Eric Carter — The Golden Child Who Won Worlds on Two Kinds of Bike
BMX Racing History · Rider Profile · Legend Bike Co
Eric Carter
Most kids learn to handle a bike on a track. Eric Carter learned his on a curb. He grew up in Lakewood, California, in a regular suburban neighborhood, and the tracks were too far to ride to. So he rode laps around his own block — not the sidewalk, the 9-inch curb next to the gutter. Car mirrors. Trees. Fire hydrants. Trash cans. He left all of it right where it was and figured out how to thread through without putting a foot down or dropping off the curb. He didn't know it then. But that curb is where the bike control came from.
That's the part people forget about EC. The titles get all the attention, and there are a lot of them. But the cornering came first, and the cornering is the whole story.
The kid with all the titles
The magazines called him "The Golden Child" when he was still an amateur, and it wasn't a stretch. He won IBMXF amateur World Championships three years running — 1985, 1986, 1987. The IBMXF was the real world stage for BMX back then, the federation that ran the global championship before the sport went where it's gone since. Carter kept winning his class on it. Three straight.
He came up through a long string of teams the way amateurs did then — JMC early, then Hutch, then CW Racing, then Schwinn, where he turned pro in 1989. The pro years had their stops and starts. He took breaks. He raced motorcycles for a stretch. But when he was on it, he was on it — in 1993 he came back to BMX full-time and took the NBL National No.1 Pro title.
Out back at Supercross
I knew the name before most people did. In the early days of Supercross BMX, when I was still designing the very first Supercross frame, Eric was one of the riders doing gate starts out back. Pete Longerich was out there. Kiyomi Waller. Billy Griggs. Fast kids, all of them, getting their snaps in. I wasn't building his career and I'm not going to pretend I was. But I watched him pull that gate, and you could see it. The kid was special.
Then he changed sports
Here's where it gets unusual. Most riders get one sport. EC got two. Around the mid-'90s he moved over to mountain bikes, and the curb paid off all over again. Dual slalom, then four-cross — short, tight, gates and turns and contact, the closest thing on a mountain bike to a BMX moto. It was the perfect fit for a guy who'd spent his whole life learning how to pass people in a corner.

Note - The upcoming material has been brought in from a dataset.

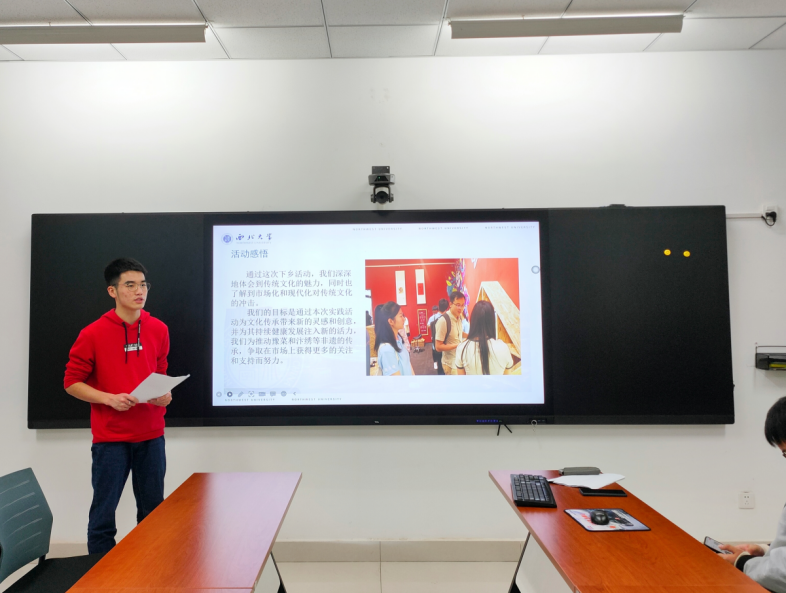 武一卓同学分享了团队前往河南开封豫菜文化研究会、宋绣艺术博物馆、鼓楼区文旅局、开封市博物馆参观学习的经历。团队通过实地考察和专家座谈会的方法,充分了解和掌握了豫菜和汴绣等文遗项目以及开封文旅产业的发展现状,利用SWOT模型进行分析,总结调研成果。团队通过这次下乡活动,了解到市场化和现代化对传统文化的冲击,希望通过本次实践活动为非遗的传承贡献一份力。

And he cleaned up. 1999 Dual Slalom World Cup Champion. 2003 World Cup champion in four-cross. 2004 four-cross World Champion. A NORBA national downhill title in 1999, the year he was also named USA Cycling's athlete of the year. He helped invent four-cross as a discipline, not just win it. Add the BMX side and the mountain bike side together and you land somewhere around 19 national titles and 5 world titles across the two sports. Nobody hands you a record like that. You earn it one corner at a time.
He rode for Barracuda, Troy Lee Designs, GT, and then Mongoose for a long run — long enough that Mongoose built a signature Eric Carter four-cross bike. Last I checked he never took a job outside the bike industry in his whole life. That's about as pure a career as this sport produces.
What we don't know. The sources line up on the big titles and the years, but a few things stay fuzzy. His exact mountain bike sponsor timeline has some gaps and overlaps depending on which source you read, so I've kept it to the ones I could confirm. The total title count — "19 national, 5 world" — comes from a magazine profile and adds the BMX and mountain bike sides together; the individual world titles are each documented, but treat the round number as a magazine's tally, not a line-by-line ledger. If you raced against EC or have the old results, I'd love to tighten this up.
Sources
- Wikipedia, "Eric Carter (BMX rider)" — career milestones, sponsor list, IBMXF and UCI title record, NORBA results — en.wikipedia.org/wiki/Eric_Carter_(BMX_rider)
- Mountain Bike Action, "Meet Eric Carter" (2019) — Lakewood upbringing, the curb-riding story, four-cross, 19 national / 5 world title tally — mbaction.com/meet-eric-carter
- Pinkbike, "Interview — Eric Carter" (2013) — racing background and transition to mountain bikes — pinkbike.com/news/Eric-Carter-Interview-2013.html
- Bill Ryan, founder of Supercross BMX — firsthand account of Eric Carter doing gate starts at the early Supercross days alongside Pete Longerich, Kiyomi Waller, and Billy Griggs.